Seasons Greetings from Joan and Davis, 2005

On August 3 Joan boarded Lufthansa 0401 for the first leg of this year's highlight event, her tour of Egypt with our good friend Tim Vernon. It needed to be a whirlwind tour, if only to create a breeze. At one point temperatures exceeded 130 degrees Farenheit. Starting with the Pyramids and Sphinx at Giza, Joan and Tim hit all the hot spots, including Cairo (Egyptian Antiquities Museum, the Citadel, the Khan el Khaleili bazaar), an overnight train to Aswan, Abu Simbel (this was HOT), a four night Cruise down the Nile (the Philae temple, the High Dam, Kom Ombo, the Edfu Temple, Luxor, the Valley of Kings, the Valley of Queens, Karnak, Luxor), Alexandria (and its incredible library), and Coptic Cairo. They would have done more if they could. A mixup between the hotel desk and a tour guide prevented a trip to St. Catherine's and the Sinai. Neither the heat, the heightened security, the hour and a half bus breakdown, nor the missed tour could spoil the trip. It was wonderful.

Egypt was the highlight of a wonderful year that featured over 120 days with scheduled events. As in the past, many of those events involved music. There were wonderful concerts at Lincoln Center. Highlights included a Los Angeles Philharmonic performance of a work by John Adams and the Chamber Music Society performances of a cycle of Shostakovich's chamber works (which we were able to see in rehearsal and in concert). We also enjoyed a number of concerts by good friends including Carl (playing piano with other Van Cliburn finalists at Rockefeller University), Lisa Daehlin (singing in her own concert), and others.
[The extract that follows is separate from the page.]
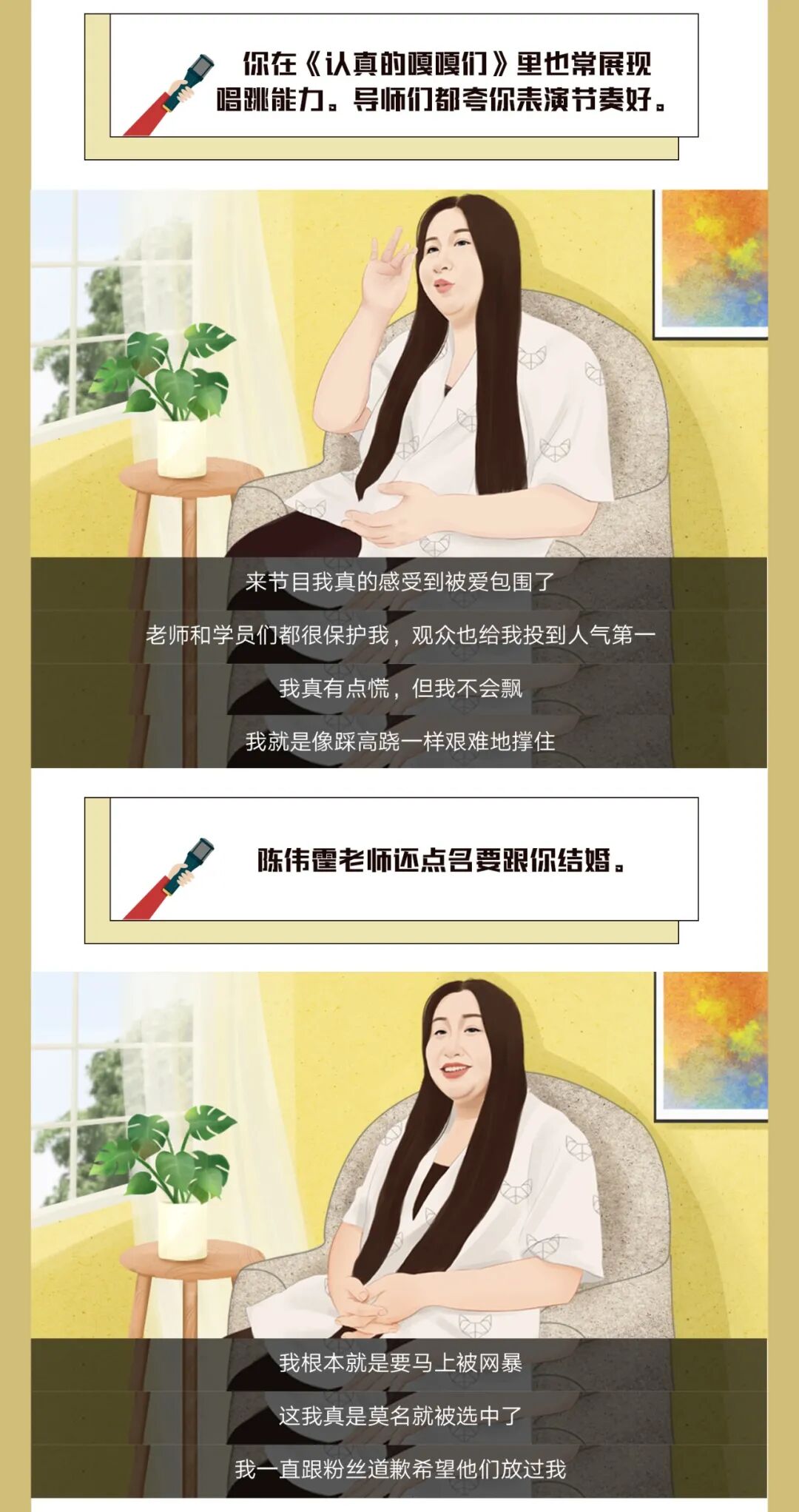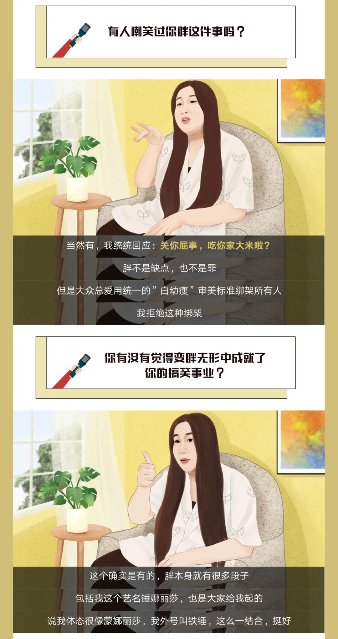 “前女团成员”是她身上反差极大的标签。她自嘲处在体重巅峰,一出现便冲击着观众的固有印象。

We continued to make music as well. Joan moved from renting a cello to acquiring her own and attempting to play a string quartet movement at the first week of Summertrios. She also accelerated her piano studies, picking up a second piano teacher and playing in several piano trios and quartets. Her quartet from Lucy Moses moved their rehearsals to her apartment and are now coached by her cello teacher. Davis continued his musical journey as well, singing Bach with the Choral Arts Society, Shostakovich with the Mannes Community Orchestra, and Ives and Copeland with the SUNY Oswego Orchestra.

Davis continued his ongoing series of temporary faculty assignments, this year teaching at Brooklyn College, Montclair State University (spring semester), and a return to full time teaching, SUNY Oswego. His research program in the structuration of media expanded with three competitively selected papers at national conventions and another three invited papers. While he continues to struggle to find a full time position that will afford more time for writing, he loves teaching and has received some outstanding evaluations from both colleages and students.

It was a great year for both of our families. Clare visited in February to enjoy Cristo's "The Gates" in Central Park. Whatever you may think of it as art, it was an amazing event, with large crowds in the park and an interesting highlighting of things one might not otherwise notice. Later in the year Clare did a tour of India, returning home with many wonderful pictures and observations. Ashley is doing well in college now. Sam is almost done at Penn State. His spring of student teaching promises to be an anticlimax to a fall that included a Jury Recital in September and a Senior Recital in October. Both were wonderful. Davis was on hand in November (in Boston for a convention) when his granddaughter Charlotte (Devin and Lisa's daughter) took her first steps. Rebecca made an unexpected career change when a women's help organization she was volunteering for offered her a full time job.

The year has also had its lows. We both did Jury Duty (grin). More seriously our friend Elaine moved to New Orleans just in time to experience the evacuation for Katrina and the after-effects of being displaced without access to possessions; she stayed with us for a while. As we write this letter, sadly, our friend Tim (the same Tim that Joan toured Egypt with) is fighting a horrible pneumonia. As we write this we simply don't know if he'll ever read these words. We hope so, not just because we love Tim, but because he touches so many lives in a good and powerful way. Its easy to see Tim's network right now. Hundreds of people hang on every word of daily emails about his condition. There are so many of us who care and want to help, and there is so little we can do but pray.

But the year has also had many highs, not the least of which was Tim's 60th birthday party, which brought his family from North Carolina together with friends from New York and around the world. Who would have expected, in a day filled with musical performances, some of them professional, that the North Carolinians would steal the show. Just one more wonderful day in a most often wonderful year. Our days are filled with knitting, reading, writing, creating, practicing, and rehearsing. We spend time with friends, including many of you, and make time for concerts, plays, movies, and other events. In the cycle of our new year, we will do many of these things again. We hope to see you somewhere in the midst of it.